At center, the decision is less clear cut—especially since we’ve yet to see Tristen Hoge play a snap of football. Size and strength is a genuine concern at the point of attack for Hoge, not necessarily the biggest guy hitting campus. But it sounds like he’s had a nice first season from a developmental standpoint, and if he’s a true technician at the position, he could be a rare four-year starter at center if he’s able to pull ahead of Mustipher this spring.

On paper, the other three starting jobs don’t seem to be in question. Quenton Nelson and Mike McGlinchey are ready to step to the forefront. Concerns about Steve Elmer’s buy-in will certainly be answered by spring, there’s little chance he’ll be on the field in March if he’s not going to be around in August. I’m of the mind that Elmer’s too good of a character guy to leave the program, even if his life doesn’t revolve around football 24/7. Now it’s time for him to clean up some of the flaws in his game, the only starter from last season who held back the Irish from being a truly elite group.

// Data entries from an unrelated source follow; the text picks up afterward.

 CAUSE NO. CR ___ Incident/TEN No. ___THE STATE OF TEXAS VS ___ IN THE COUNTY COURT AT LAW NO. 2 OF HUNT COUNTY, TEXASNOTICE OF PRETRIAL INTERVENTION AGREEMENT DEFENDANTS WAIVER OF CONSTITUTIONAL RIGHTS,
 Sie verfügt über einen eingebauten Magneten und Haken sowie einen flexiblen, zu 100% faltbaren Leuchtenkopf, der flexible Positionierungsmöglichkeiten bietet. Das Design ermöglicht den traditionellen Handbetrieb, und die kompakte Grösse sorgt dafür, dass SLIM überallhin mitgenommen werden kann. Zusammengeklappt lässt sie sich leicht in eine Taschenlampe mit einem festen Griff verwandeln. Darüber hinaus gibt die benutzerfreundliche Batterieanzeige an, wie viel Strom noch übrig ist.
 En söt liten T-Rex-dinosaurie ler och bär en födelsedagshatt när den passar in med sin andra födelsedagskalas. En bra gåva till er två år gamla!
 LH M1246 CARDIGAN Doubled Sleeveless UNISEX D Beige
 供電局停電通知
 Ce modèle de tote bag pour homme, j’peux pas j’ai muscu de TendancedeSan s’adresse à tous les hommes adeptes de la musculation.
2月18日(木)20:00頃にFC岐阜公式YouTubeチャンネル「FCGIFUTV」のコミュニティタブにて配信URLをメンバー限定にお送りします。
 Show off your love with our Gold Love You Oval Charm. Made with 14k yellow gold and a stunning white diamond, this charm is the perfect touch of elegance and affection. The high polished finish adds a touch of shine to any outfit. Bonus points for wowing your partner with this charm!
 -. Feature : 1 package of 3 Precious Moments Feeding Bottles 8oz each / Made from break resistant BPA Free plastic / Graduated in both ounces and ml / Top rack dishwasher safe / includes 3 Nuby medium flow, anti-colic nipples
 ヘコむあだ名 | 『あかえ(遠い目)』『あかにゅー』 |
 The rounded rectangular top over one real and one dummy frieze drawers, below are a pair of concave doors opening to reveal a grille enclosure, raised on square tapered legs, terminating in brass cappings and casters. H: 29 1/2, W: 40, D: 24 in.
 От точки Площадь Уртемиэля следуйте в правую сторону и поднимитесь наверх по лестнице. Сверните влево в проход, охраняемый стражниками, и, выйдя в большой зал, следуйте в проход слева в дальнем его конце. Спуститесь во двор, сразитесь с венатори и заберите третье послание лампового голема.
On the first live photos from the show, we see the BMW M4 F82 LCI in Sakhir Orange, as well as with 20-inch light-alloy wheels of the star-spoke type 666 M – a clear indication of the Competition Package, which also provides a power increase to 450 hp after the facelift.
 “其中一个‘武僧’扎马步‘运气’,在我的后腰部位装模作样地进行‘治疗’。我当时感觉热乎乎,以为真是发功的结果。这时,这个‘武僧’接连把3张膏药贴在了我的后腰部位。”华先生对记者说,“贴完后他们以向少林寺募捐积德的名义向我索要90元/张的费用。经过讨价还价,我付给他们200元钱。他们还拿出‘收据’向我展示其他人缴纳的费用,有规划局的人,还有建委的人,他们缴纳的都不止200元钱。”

Depth isn’t necessarily a concern, but there isn’t a ton of it at tackle. That happens when you move a guy like Jerry Tillery to defensive line and lose a player like Stanley with a year of eligibility remaining. That could force the Irish to cross-train someone like Colin McGovern, a veteran who can swing inside or out if needed. McGovern seems to be a guy who would start in a lot of other programs, but has struggled to crack a two-deep that’s now filled with former blue-chip recruits, all of them essentially handpicked by Hiestand and Kelly.